As indicated in Judge Cook’s opinion, the critical decision to be made by the members in this case was whether to believe the appellant’s testimony that the charged crimes did not occur or the alleged victim’s testimony that they had occurred. In its admitted but uninstructed form, the members could consider this inadmissible hearsay testimony of the mother as independent substantive evidence that a crime in fact had occurred.2 This was obviously prejudicial to the appellant. It also could be considered by the members3 as corroborative evidence which bolstered the credibility of the alleged victim or her testimony. This also prejudiced the appellant. Finally, its introduction into the case prevented the appellant from effectively attacking the *286credibility of the alleged victim for a failure to complain about the offense.4

This inadmissible hearsay testimony of the mother was constantly referred to at the trial by all the participants. In my opinion, to deny the mistrial, yet allow the inadmissible hearsay evidence to remain before these members not properly instructed as to its use, was prejudicial error sufficient to require reversal of this conviction. See United States v. Rosser, 6 M.J. 267, 271 (C.M.A.1979).

. Unlike the situation in United States v. Rener, 17 U.S.C.M.A. 65, 37 C.M.R. 329 (1967), it is not known for what purpose Jackie’s statement was originally admitted at trial by the military judge. However, his failure to give any limiting instruction as to its use by the members (see para. 73a, Manual for Courts-Martial, United States, 1969 (Revised edition)), and his later ruling make clear that he considered this evidence inadmissible for any purpose. In addition to the portion of his remarks cited by Judge Cook, he continued, “ . . now do you want me to admonish the court members to completely put that out of their minds or do you want to let it go?”

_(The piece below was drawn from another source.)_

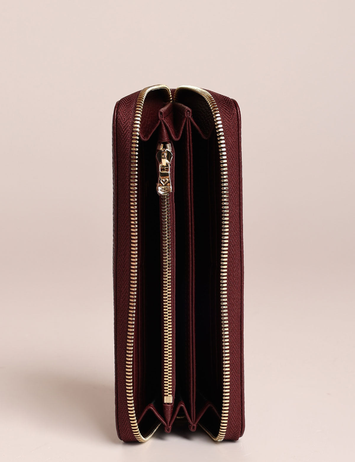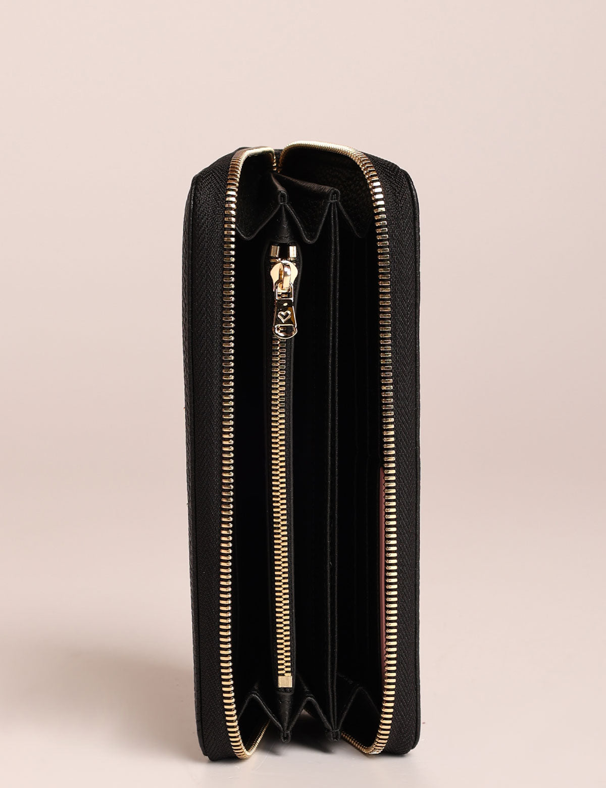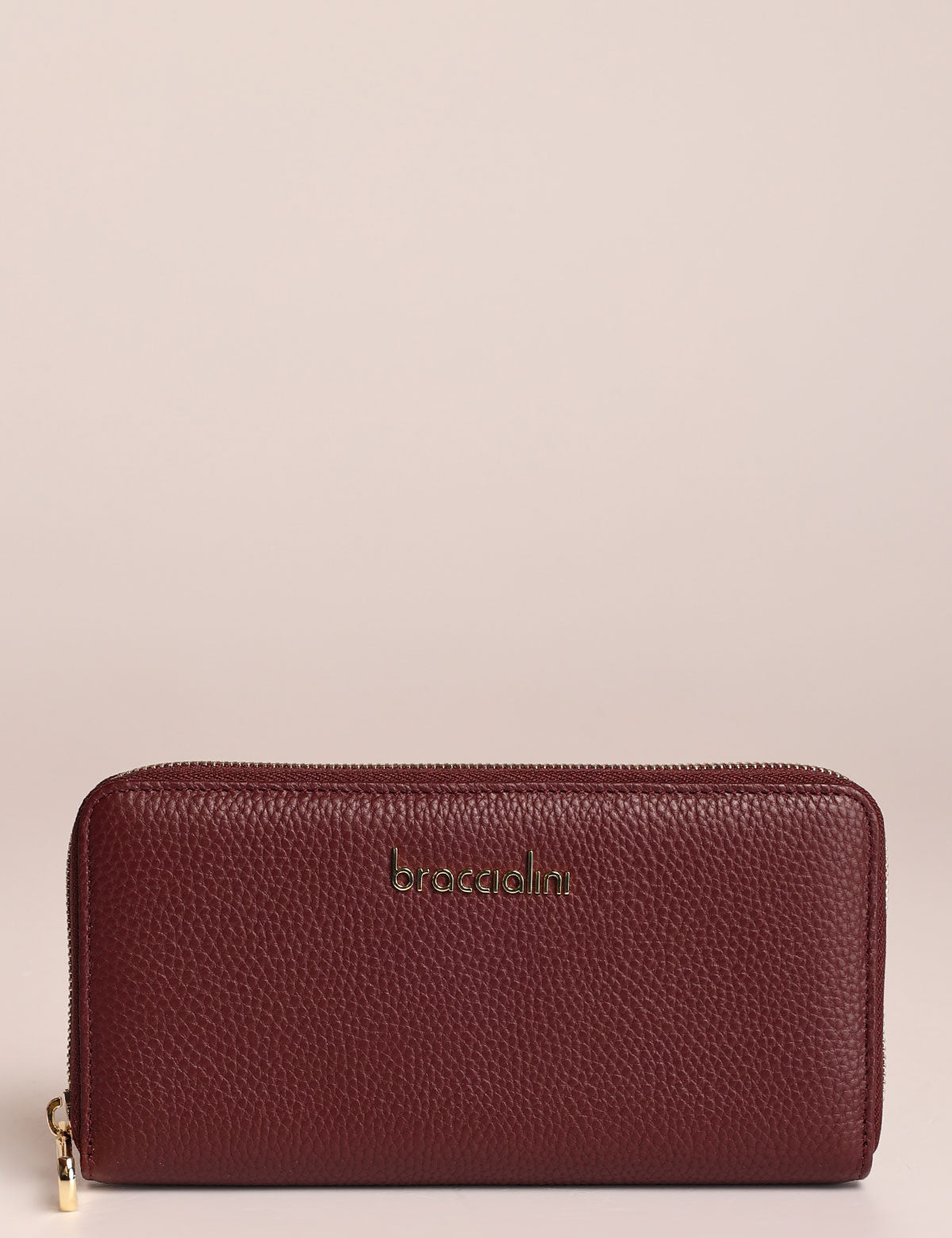 Portafogli da donna Braccialini, modello in pelle con chiusura zip e apertura a soffietto con dettagli color oro

. The mere fact that the military judge did not treat his testimony as evidence of fresh complaint (see para. 142c, Manual, supra) does not make this testimony admissible on other grounds. In any event, the members could still use this testimony as incompetent evidence of the appellant’s guilt, i. e., the appellant is guilty because the mother testified that Jackie said he was guilty. See para. 139a, Manual, supra.

. The military judge stated that he would not treat this testimony as evidence of fresh complaint. See Munster and Larkin, Military Evidence, § 8.9 (2d 1977). This is of no benefit to the appellant because the primary concern of para. 142c, Manual, supra, is the admission of such testimony before the trier of fact, here the court members.

The military judge also stated that he would not instruct the members that this was evidence of fresh complaint. Cf. United States v. Thompson, 3 M.J. 168, 171 (C.M.A.1977). This was of marginal benefit to the appellant because the members were still free to treat this evidence for this purpose if they so desired.

. The military judge denied the defense request for an instruction on the lack of fresh complaint evidence in this case. See para. 142c, Manual, supra. See also United States v. Goodman, 13 U.S.C.M.A. 663, 33 C.M.R. 195 (1963); cf. United States v. Flippen, 16 U.S.C. M.A. 622, 37 C.M.R. 242 (1967). He also permitted the mother’s testimony as to the daughter’s statements to remain before the members. Under these circumstances, it is difficult to see how defense counsel could meaningfully attack the credibility of the alleged victim on these grounds before the members.